Since we are so focused here on the Engineering life, I'm wondering what you do that is not engineering.

Do you play music? Or go boating? Ham radio? Square dancing? 

I go for long drives in the country.


----------



## leggo PE (Jun 7, 2022)

Baking, cooking, exercising, follow sports! Amongst other things, like teaching myself to sew. I really like to do things by hand, often making things from scratch. Give me a cooking or baking challenge and I’ll find the time, and gladly take it on!


----------



## ChebyshevII PE PMP (Jun 7, 2022)

Hiking, music, sourdough baking, child-rearing (ask any of the vets on this board, I have 104 of them)


----------



## Persianger (Jun 7, 2022)

Playing Chess


----------



## blybrook PE (Jun 7, 2022)

There are several Hams on this board, including myself.

I also work in the yard on multiple projects ranging from woodworking to mechanics on the vehicles. Living where I do, there's hunting, hiking, fishing, exploring, canoeing, cooking, canning, yard work, and a whole other range of outdoor activities.


----------



## brokensword (Jun 7, 2022)

ice hockey (at 64), gardening, novelist, pond-er.


----------



## EngrPaper (Jun 7, 2022)

When I have the time, mostly history and ancient language reading. And trying to keep up with the kiddos.


----------



## Supe (Jun 8, 2022)

I used to race drag and sports cars, but I seem to have less and less of a work/life balance anymore...


----------



## pbrme (Jun 8, 2022)




----------



## RBHeadge PE (Jun 21, 2022)

genealogy, escape rooms, softball


----------



## youngmotivatedengineer (Jun 22, 2022)

I like to fish and practice karate.


----------



## txjennah PE (Jun 23, 2022)

I love exploring my creative side! Crafts (knitting/crochet/embroidery/cross-stitch), music (violin/drums), writing, reading. Lately it's been art (though I'm a terrible artist). I also love being outdoors and traveling.


----------



## DLD PE (Jun 23, 2022)

I play Warzone on XBox Friday nights, and golf on Saturday mornings. Genealogy sounds like something I'd like to research for my family one day. It sounds interesting, especially considering my ancestry seems quite diverse. 

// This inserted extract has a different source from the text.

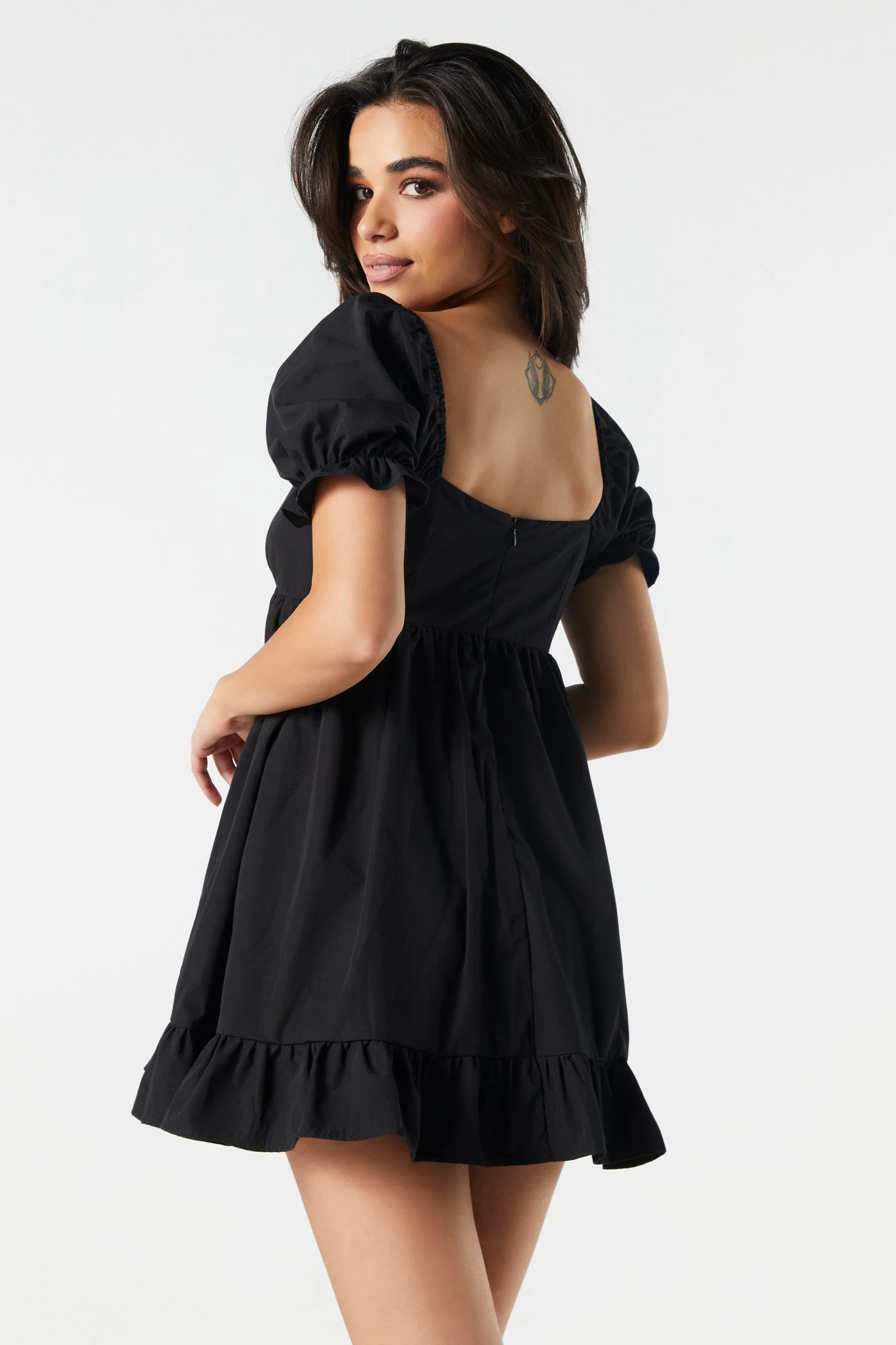 Easy and breezy, this babydoll dress was made for the new season! This dress features sweetheart neckline, babydoll silhouette, puff sleeves, ruffle hem, and mini length.

I don't know if EB Mafia is a hobby, but I sometimes find myself going back a year or year and a half and reading up on old mafia games. It's great reading!


----------



## KellyGreene (Aug 8, 2022)

I write and read novels, watch a lot of movies, and get in touch with my artsy side by doing some polymer clay art and resin art, listen to music.


----------



## Warrior PE (Aug 9, 2022)

Battlefield 4 & Music.


----------



## Serg305 (Aug 9, 2022)

Running, being an eternally hopeful yet long suffering Miami Dolphins fan , being a foodie and the dog dad life


----------